Dataset records:
....

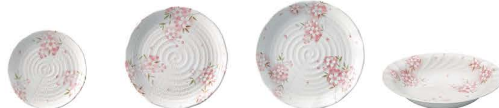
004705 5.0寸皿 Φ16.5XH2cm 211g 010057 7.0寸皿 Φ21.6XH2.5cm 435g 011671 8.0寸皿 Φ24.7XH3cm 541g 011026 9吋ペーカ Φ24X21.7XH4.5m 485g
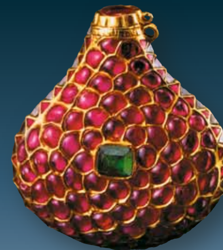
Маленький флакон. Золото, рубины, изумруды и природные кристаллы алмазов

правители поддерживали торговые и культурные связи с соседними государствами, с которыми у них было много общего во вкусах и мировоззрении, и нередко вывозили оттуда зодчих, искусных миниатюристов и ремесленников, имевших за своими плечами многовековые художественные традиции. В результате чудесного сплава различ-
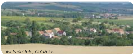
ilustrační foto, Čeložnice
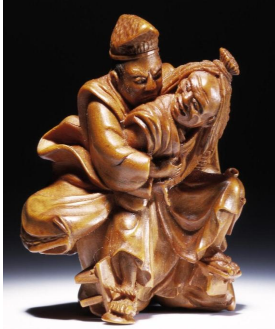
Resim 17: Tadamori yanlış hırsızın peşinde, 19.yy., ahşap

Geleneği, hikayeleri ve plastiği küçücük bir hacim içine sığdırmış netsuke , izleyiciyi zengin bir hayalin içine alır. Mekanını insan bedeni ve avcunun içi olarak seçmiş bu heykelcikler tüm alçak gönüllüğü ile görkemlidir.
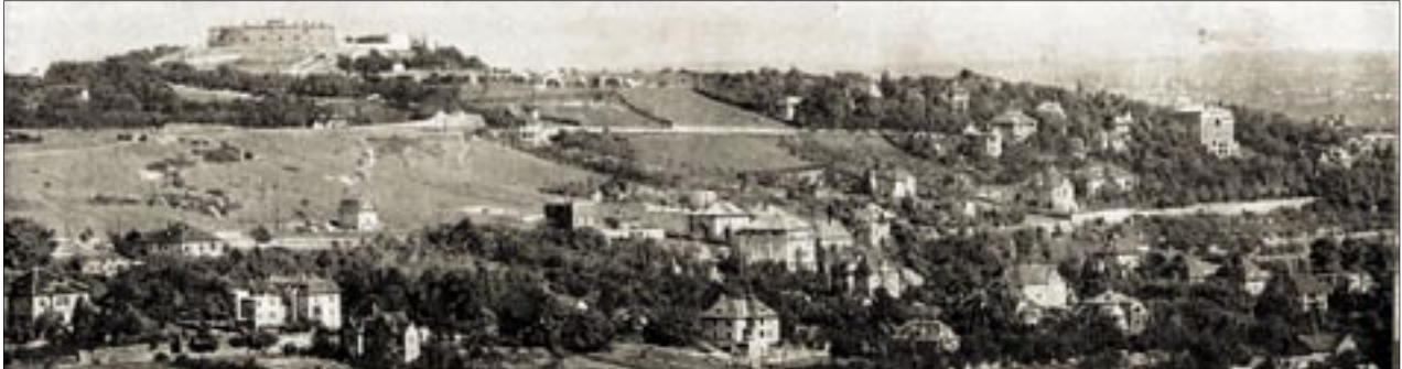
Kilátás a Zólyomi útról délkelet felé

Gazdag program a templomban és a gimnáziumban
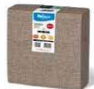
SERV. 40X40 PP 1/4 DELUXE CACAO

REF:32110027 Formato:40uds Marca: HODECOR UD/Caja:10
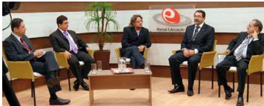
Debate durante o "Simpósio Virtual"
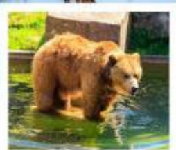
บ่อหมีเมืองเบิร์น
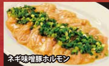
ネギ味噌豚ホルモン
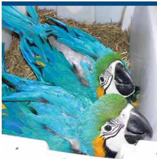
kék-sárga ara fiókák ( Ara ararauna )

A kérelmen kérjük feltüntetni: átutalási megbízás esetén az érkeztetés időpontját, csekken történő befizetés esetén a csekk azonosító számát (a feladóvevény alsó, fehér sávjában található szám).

....

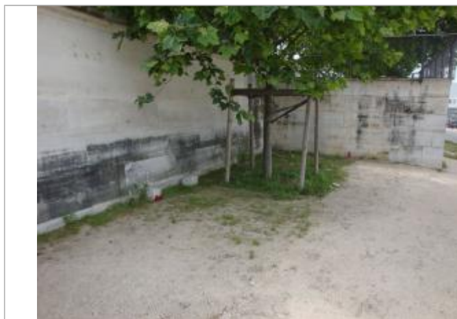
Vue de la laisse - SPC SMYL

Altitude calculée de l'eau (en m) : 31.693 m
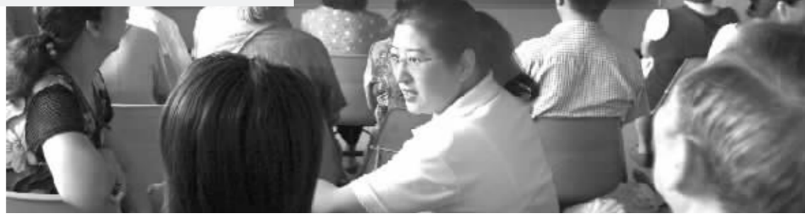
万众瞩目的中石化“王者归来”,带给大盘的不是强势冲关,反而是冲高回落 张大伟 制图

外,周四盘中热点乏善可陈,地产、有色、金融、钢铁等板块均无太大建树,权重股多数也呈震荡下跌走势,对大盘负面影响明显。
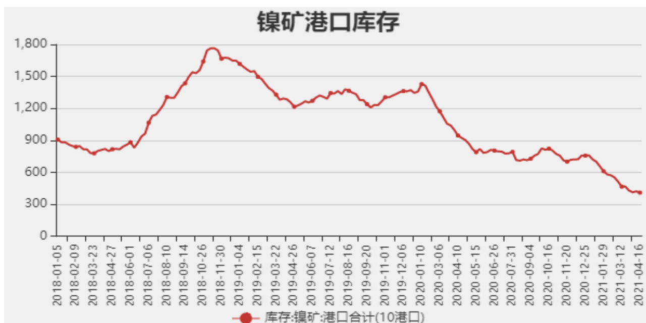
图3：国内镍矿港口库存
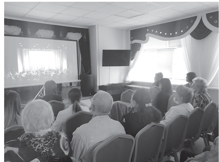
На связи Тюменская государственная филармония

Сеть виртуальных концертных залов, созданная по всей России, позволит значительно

....

Aim of the exercise: Using the data above, output the line that has "правители поддерживали торговые", the line that has "Resim 17: Tadamori", and whatever lines fall between, each exactly as it stands and without pictures.

Answer box:
правители поддерживали торговые и культурные связи с соседними государствами, с которыми у них было много общего во вкусах и мировоззрении, и нередко вывозили оттуда зодчих, искусных миниатюристов и ремесленников, имевших за своими плечами многовековые художественные традиции. В результате чудесного сплава различ-
ilustrační foto, Čeložnice
Resim 17: Tadamori yanlış hırsızın peşinde, 19.yy., ahşap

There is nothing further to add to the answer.